Narrowing this down a bit more, even with logging_enabled=false in kismet_site.conf, the disk writes continue, and write ops increase over time.
I'm thinking that this may be due to logging or tracking for just the HTTP server.
The logging_enabled=false configuration did not work properly in my site file to disable these writes. But launching kismet with the parameter -n to force logging disabled, stopped all disk writes from the application.

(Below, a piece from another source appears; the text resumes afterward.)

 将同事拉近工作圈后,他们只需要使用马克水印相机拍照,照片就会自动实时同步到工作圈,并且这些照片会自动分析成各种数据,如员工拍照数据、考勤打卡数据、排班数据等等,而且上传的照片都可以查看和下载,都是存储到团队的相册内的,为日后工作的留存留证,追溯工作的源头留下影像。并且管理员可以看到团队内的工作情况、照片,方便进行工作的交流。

https://www.kismetwireless.net/docs/readme/logging/
logging_enabled=false
vs https://github.com/kismetwireless/kismet/blob/2ddf8ac56418f4dcaa88674ffa0473b242a9deda/logtracker.cc#L138
Moving on to disabling Kismet DB and utilizing only log_types=pcapng, my initial observation via atop is that write ops are low and mostly consistent at ~5 every 10s so far.
I will need to continue running kismet to determine if the ops increase.

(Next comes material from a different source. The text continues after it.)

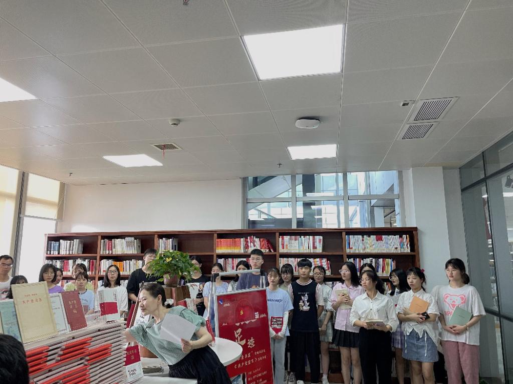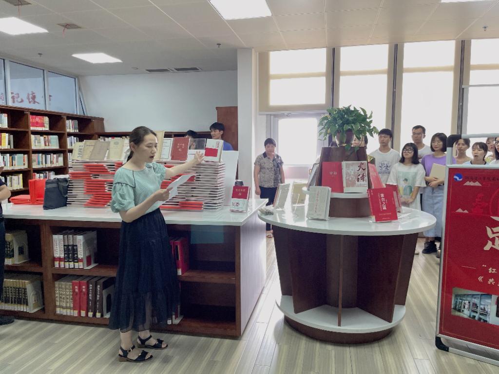 “红色书屋”里,书柜上陈列的各类红色书籍深深吸引了公司党员师生们的目光。图书馆馆员叶海燕老师为师生们介绍了“足迹”主题展中馆藏的不同年代历史版本的《共产党宣言》,以此激励全体师生党员能追随“真理的足迹”,做《共产党宣言》的忠实传人。随后,叶老师还为大家推荐了同时展出的其他“红色精神”文献。其中,今年“一校一书”的精读书《火种:寻找中国复兴之路》、《文献中的百年党史》等优秀作品,对于同学们了解党史、树立坚定理想信念有重要启发意义。此外,大家还了解到,本学期图书馆还将推出“党建连心”服务,预约开放图书馆五楼“红色书屋”党建活动室,为全校师生的党建活动提供场地。

Unlike the kismet log type, the pcapng type has not contributed to ever increasing write ops. It does appear to be an issue with the Kismet DB.
gps=gpsd:host=localhost,port=2947,reconnect=true
source=wlan1:name=adapter24ghs:type=rtl8187,channels="1,2,3,4,5,6,7,8,9,10,11,12,13"
source=hci0:name=bluetooth:type=linuxbluetooth
track_device_seenby_views=false
track_device_phy_views=false
manuf_lookup=false
track_device_rrds=false
kis_log_packets=false
kis_log_messages=false
#logging_enabled=false
#enable_logging=false
#log_types=pcapng
#dot11_view_accesspoints=false
#dot11_fingerprint_devices=false
#keep_datasource_signal_history=false
#keep_location_cloud_history=false
#tracker_device_timeout=60
I need to leave off tonight with my kismet_site.conf used while testing. The optimization config at the end did not eliminate the increasing write ops issue.